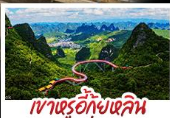
เขาตรู้อีกุ้ยหลิน
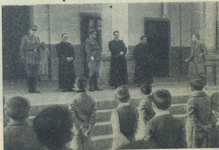
TRIANA (Sevilla): El Excelentísimo Sr. Capitán General de la segunda Región, señor Ponte y Manso de Zúñiga, marqués de Bóveda de Limia, acompañado de su ayudante, el Teniente Coronel señor Calvo, visitan las Escuelas Salesianas.

Primer problema: el de la catequización de los niños que tenemos al alcance de nuestras manos. Solución: la solución está bien clara: enseñarles—como se decía en la primera de las conclusiones aprobadas en la sesión matutina de ayer mañana—, enseñarles la doctrina cristiana, siguiendo las sapientísimas indicaciones y normas trazadas por nuestro Emmo. y Rvdmo. Sr. Cardenal en su instrucción pastoral de julio de 1938, y adoptando los más acreditados procedimientos modernos; y en segundo lugar, hacérsela vivir. Decía muy bien uno de los ponentes que el Catecismo no es sólo una asignatura, sino que es una vida: hacérselo vivir. Por eso, Emmo. y Rvdmo. señor Cardenal, vais a permitir que yo me tome la libertad de felicitaros con toda mi alma por la idea que habéis tenido de encomendar la organización de esta VII Asamblea Catequística Diocesana a los beneméritos Padres Salesianos, porque, señores y hermanos míos, cuando uno convive en los colegios de estos beneméritos hijos de San Juan Bosco, cuando uno ve con sus propios ojos, no sólo cómo les enseñan la doctrina cristiana, sino cómo se la hacen vivir, cómo les hacen rezar y confesarse, comulgar y meditar, jugar y cantar, le brota a
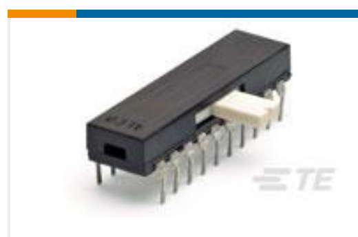
TE 产品编号1-1825010-8 ASE42L04=4PDT AUTOSLIDE
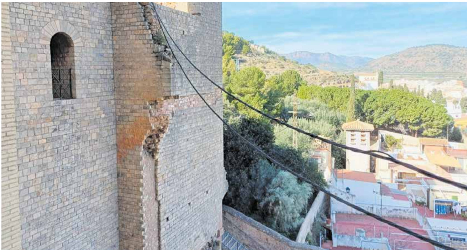
Cable provisional que iluminaba el Teatro Romano desde los años 90.

UNA INVERSIÓN DE 45.000 EUROS ACABA CON LA "LUZ DE OBRA" QUE ILUMINA EL MONUMENTO DESDE LOS AÑOS 90
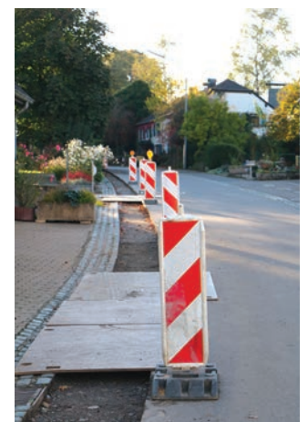
A villen Dierfer gien de Moment nei Glasfaserleitungen von der Post ageluegt. Dëst fir d'Internetverbindungen ze verbessern
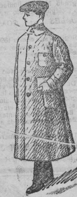
Guardapolvos caballero a 12, 15, 18, 20 y 25 pesetas.
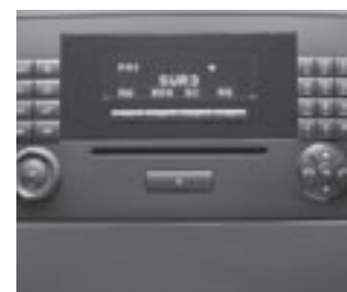
▼ Radio »Audio 20«
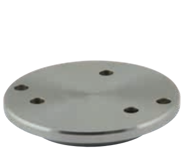
Typ 3 Type 3
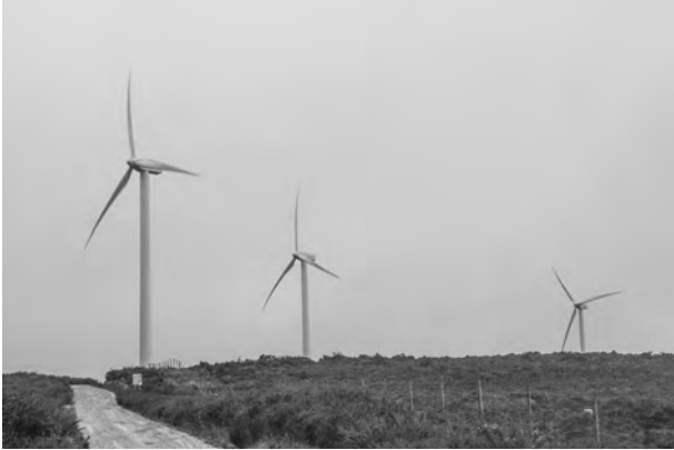
Montes de Cexo no chanzo dos 1.000 mts

Chama a atención que as xentes da antigüidade tiveran tan presente a existencia desta colosal superestrutura que comeza aló nas terras finais do Planalto portugués e da Serra do Leboreiro, terras pecuarias onde pastaban no Medievo milleiros de reses, que salvando todos os topónimos intermedios (porque estamos seguros que moitos deles xa existían), superando os picoutos e as morfoloxías residuais dos chanzos inferiores, consideraran que ese último nivel onde cos anos se levantaría castelo e mosteiro, onde os pais de san Rosendo xa tiñan casa en Vilanova antes de se construír o mosteiro de Celanova, estaba “so” o monte Leboreiro.
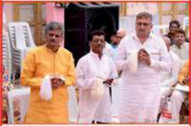
(*305) પ્રત લેતા શ્રાવકો
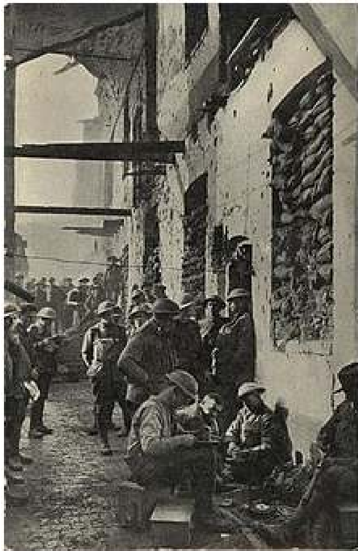
АВСТРАЛИЙСКИЕ СОЛДАТЫ В ИПРЕ, 1917 ГОД
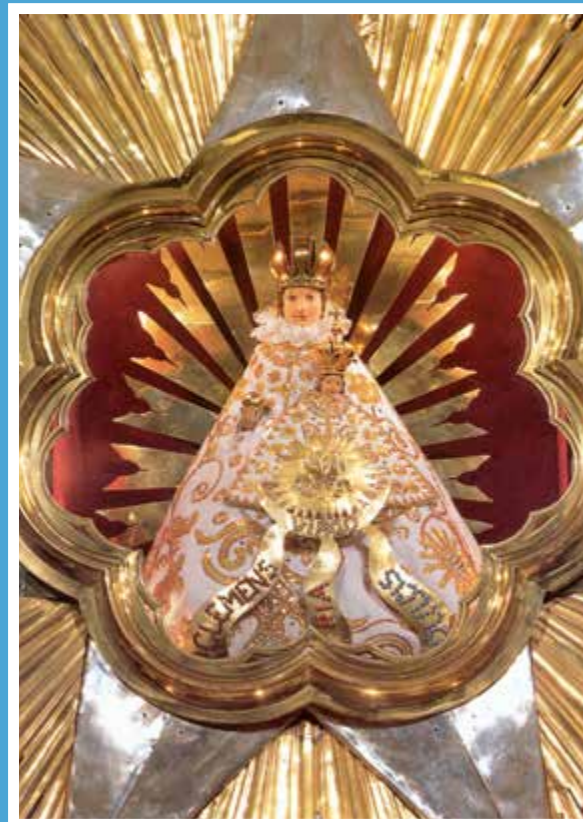
Máriavölgy – kegyeszobor
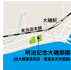
明治記念大磯邸園 大磯町東小磯295 JR大磯駅から徒歩15分

時間 9:00~16:30 (開園時間) 会場 明治記念大磯邸園 入園料 無料 問い合わせ tel:0463-61-0101 主催 公益財団法人神奈川県公園協会
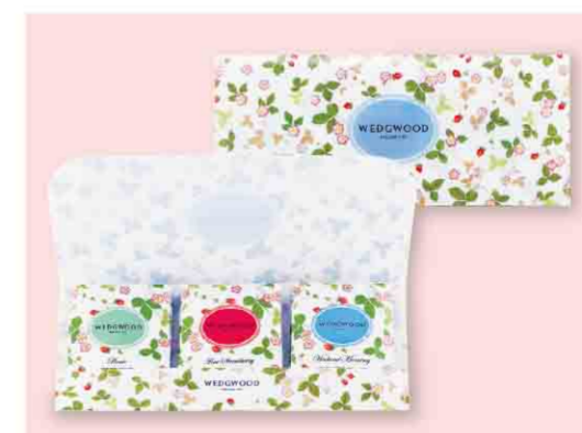
B052612 〈ウェッジウッド〉 ワイルド ストロベリー ティーバッグ 税込 540 円(本体価格500円)/ファイン ストロベリー・ ピクニック・ウィークエンド モーニング(2g)各3袋入 箱サイズ:約10.0×23.0×1.0cm/賞味期限:製造日から3年間
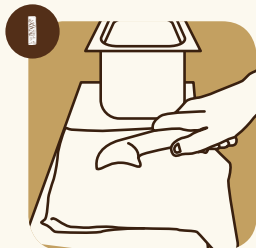
1 Lavare la spatola per il gelato e farla sgocciolare.
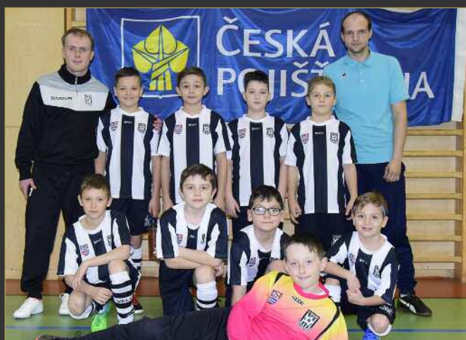
■ Velešov Doudleby nad Orlicí/TJ Sopotnice
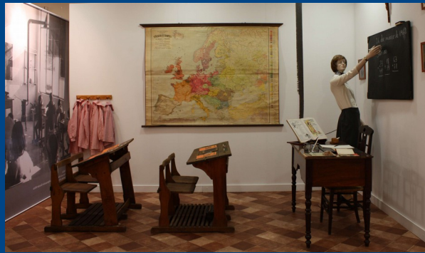
Recreación del aula
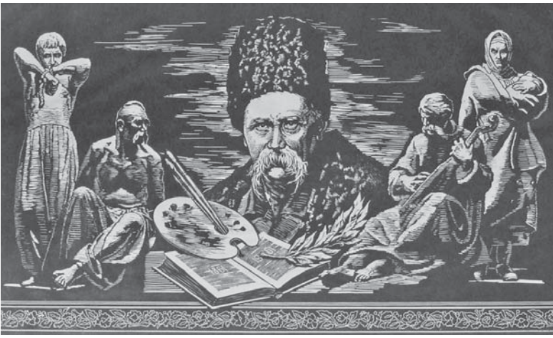
У Дніпропетровському художньому музеї з нагоди 202-ї річниці від дня народження Тараса Шевченка стартує проект

Problem to solve
Nothing but the lines from the one containing "明治記念大磯邸園 大磯町東小磯295 JR大磯駅から徒歩15分" through the one containing "Recreación del aula" should appear, copied exactly from the material above and without pictures.

Result of the exercise
明治記念大磯邸園 大磯町東小磯295 JR大磯駅から徒歩15分

時間 9:00~16:30 (開園時間) 会場 明治記念大磯邸園 入園料 無料 問い合わせ tel:0463-61-0101 主催 公益財団法人神奈川県公園協会
B052612 〈ウェッジウッド〉 ワイルド ストロベリー ティーバッグ 税込 540 円(本体価格500円)/ファイン ストロベリー・ ピクニック・ウィークエンド モーニング(2g)各3袋入 箱サイズ:約10.0×23.0×1.0cm/賞味期限:製造日から3年間
1 Lavare la spatola per il gelato e farla sgocciolare.
■ Velešov Doudleby nad Orlicí/TJ Sopotnice
Recreación del aula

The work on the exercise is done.